### REQUIREMENT
The goal is a clean copy of all the data below, with pictures dropped and everything else retyped exactly.

### GIVEN INFORMATION
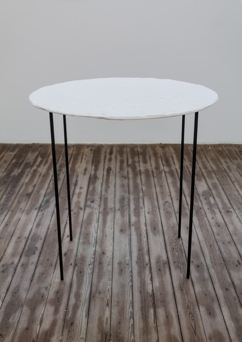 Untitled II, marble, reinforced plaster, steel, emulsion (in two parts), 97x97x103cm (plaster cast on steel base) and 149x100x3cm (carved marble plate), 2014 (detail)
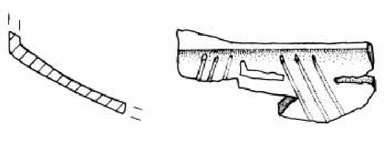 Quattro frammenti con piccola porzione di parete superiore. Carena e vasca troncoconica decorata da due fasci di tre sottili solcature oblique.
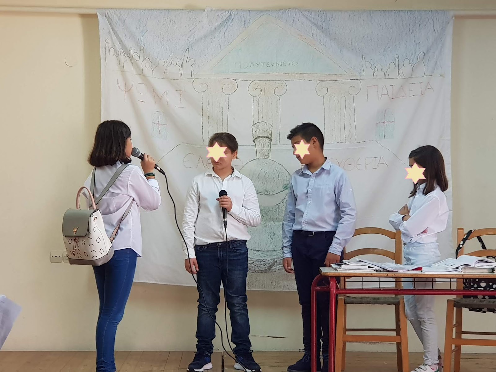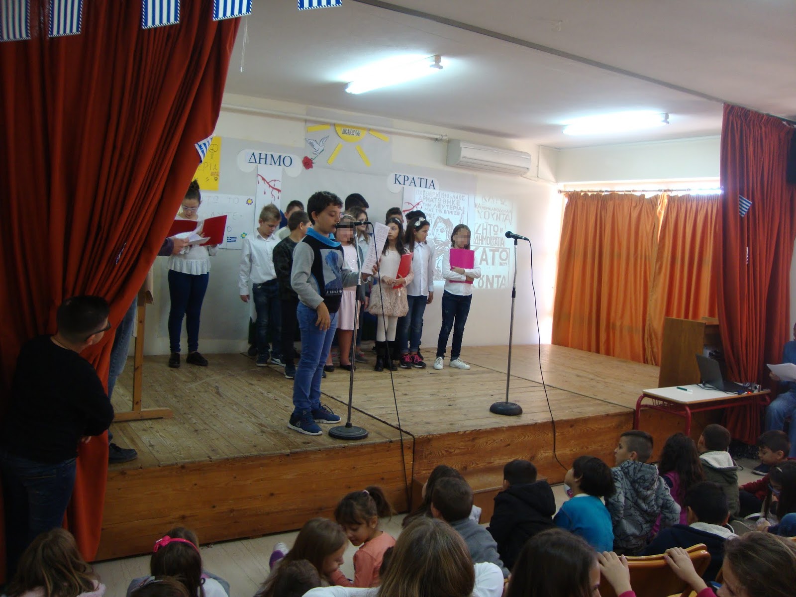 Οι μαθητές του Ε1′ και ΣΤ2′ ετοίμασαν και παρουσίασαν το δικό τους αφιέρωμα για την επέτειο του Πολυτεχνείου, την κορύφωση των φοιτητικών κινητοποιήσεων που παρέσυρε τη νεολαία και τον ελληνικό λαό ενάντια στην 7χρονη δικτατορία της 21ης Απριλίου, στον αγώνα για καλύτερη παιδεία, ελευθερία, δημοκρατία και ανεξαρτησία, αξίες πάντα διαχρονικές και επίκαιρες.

### TASK SOLUTION
 Untitled II, marble, reinforced plaster, steel, emulsion (in two parts), 97x97x103cm (plaster cast on steel base) and 149x100x3cm (carved marble plate), 2014 (detail)
 Quattro frammenti con piccola porzione di parete superiore. Carena e vasca troncoconica decorata da due fasci di tre sottili solcature oblique.
 Οι μαθητές του Ε1′ και ΣΤ2′ ετοίμασαν και παρουσίασαν το δικό τους αφιέρωμα για την επέτειο του Πολυτεχνείου, την κορύφωση των φοιτητικών κινητοποιήσεων που παρέσυρε τη νεολαία και τον ελληνικό λαό ενάντια στην 7χρονη δικτατορία της 21ης Απριλίου, στον αγώνα για καλύτερη παιδεία, ελευθερία, δημοκρατία και ανεξαρτησία, αξίες πάντα διαχρονικές και επίκαιρες.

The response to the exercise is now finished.